I’m not really sure where I am right now. I’ve been binging and purging pretty much daily, and I’m completely exhausted from it. I’m completely amazed at the 180 I’ve done since last month. Every night I go to bed with every intention of getting up early to workout. I feel disgusting – fat, tired, moody, and sore. It still blows my mind how much purging affects my body. When I was younger, it didn’t used to take such a toll on me – I could still find energy to work and purge and even workout. Now I’m sleeping late and passing out on the couch before 8PM. But for as bad as I feel, I can’t seem to kick this little phase. The good news is that I have a session with Dr. Gray tonight, so hopefully I can work through some of these things.
Last weekend I visiting my friend Maria in Charlotte. It had been quite awhile since we’d seen each other, and it was really good to just hang out with someone I can be completely comfortable around. Not that some major breakthrough occurred, but it was nice to see her and talk about our lives and the things we struggle with. I don’t have many friends that I can talk to frankly about my issues, but Maria is one of those people who I can pick-up with right where I left off.

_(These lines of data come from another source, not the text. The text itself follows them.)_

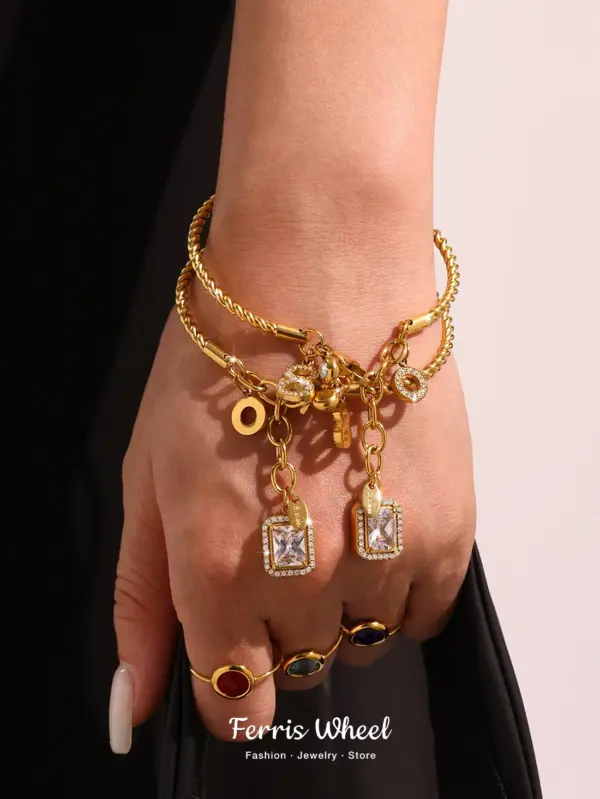 Riesenrad Edelstahl-Zirkon Armreif – Vergoldetes Luxusarmband für Damen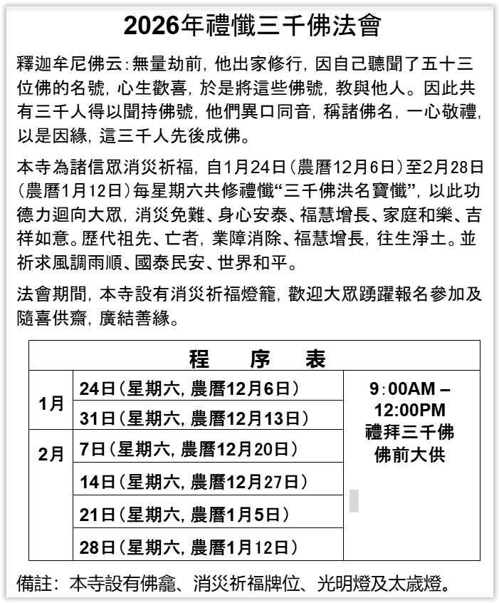 早上法會共修,中午備有素齋與大眾隨喜結緣。歡迎大眾踴躍參加,共結法緣,共成佛道。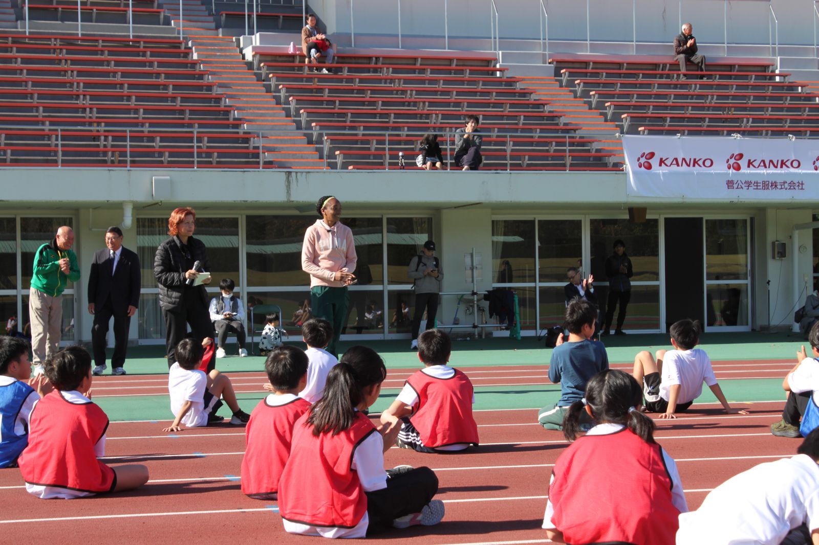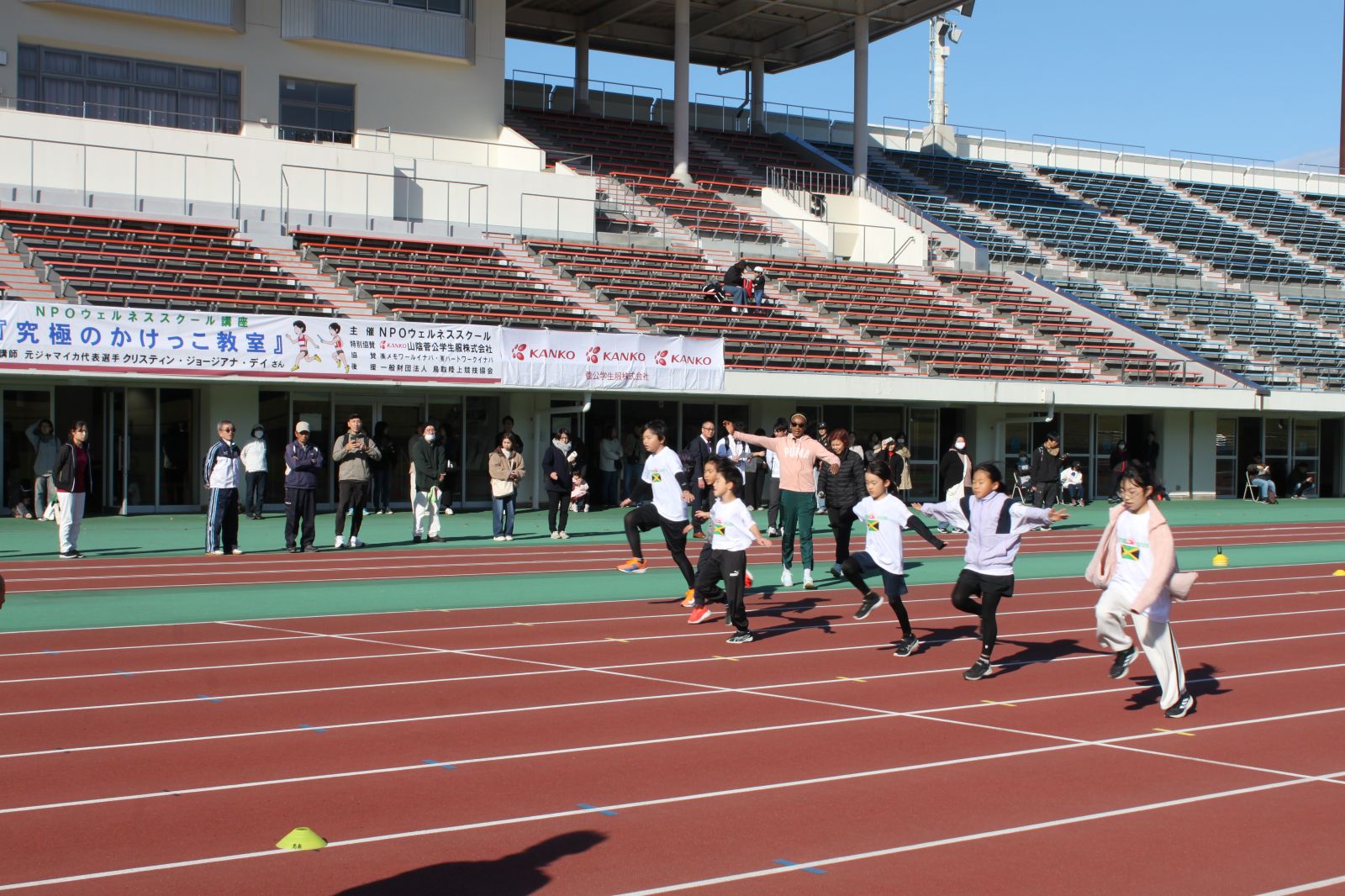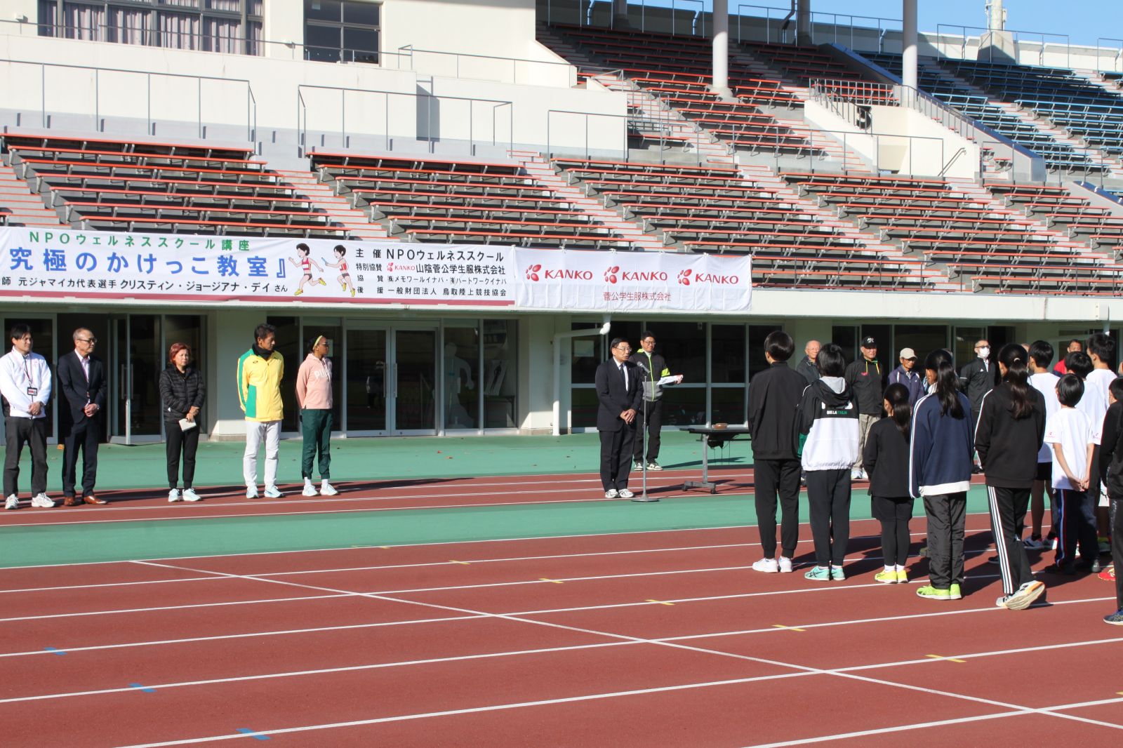 令和7年11月22日(土)ヤマタスポーツパーク陸上競技場に於いて、元ジャマイカ代表選手のクリスティン・デイさんをお招きして「かけっこ教室」を開講いたしました(主催:NPO法人ウェルネススクール(光浪房夫理事長、協賛:山陰菅公学生服株式会社様)。当スクールは子ども達の健全育成を目的として、スポーツを通した生き抜く力・心豊かな人間性を育むこと、そのために必要な環境づくりに努め、もって広く地域の公益に寄与することを目的としています。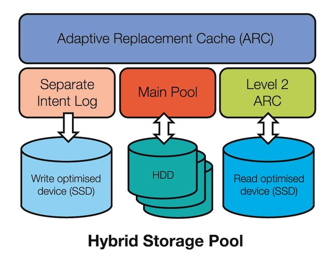 Ähnlich wie beim Lesen funktioniert der Hybrid Storage Pool auch beim Schreiben. ZFS handhabt mittels Caching die synchronen Schreibvorgänge verschiedener Protokolle (beispielsweise NFS, SMB/CIFS). Die Schreibvorgänge werden im das ZFS Intent Log (ZIL) protokolliert, bis sie an nicht-volatilen Stellen im Speicher abgelegt sind.

Work is pissing me off. There’s this idiot in my department who makes my skin crawl. He wears some sort of strange cologne/body musk and he stands entirely too close to me when he talks. Aside from his personal creepiness, he also sucks at his job. I’m talking administrative paper-pushing 101 and this guy can’t get it together enough to move on to any other tasks. Because I’m still technically deferring to my supervisor, we continue to give him chances. I think we’re finally going to let him go in a couple weeks if he doesn’t straighten up, but I have to deal with the brunt of his moronic existence.
I don’t know, I’m having one of those days/weeks/months. I feel like I’m going to jump out of my skin and I just want to sleep at the same time. I’m going on yet another weekend getaway in a few days, and then next week Andres comes. I need to decompress in a major way, but beyond the few hours I have in the evening, I’m not sure when that will happen. I wish I had a life coach whispering in my ear that I can, in fact, do this.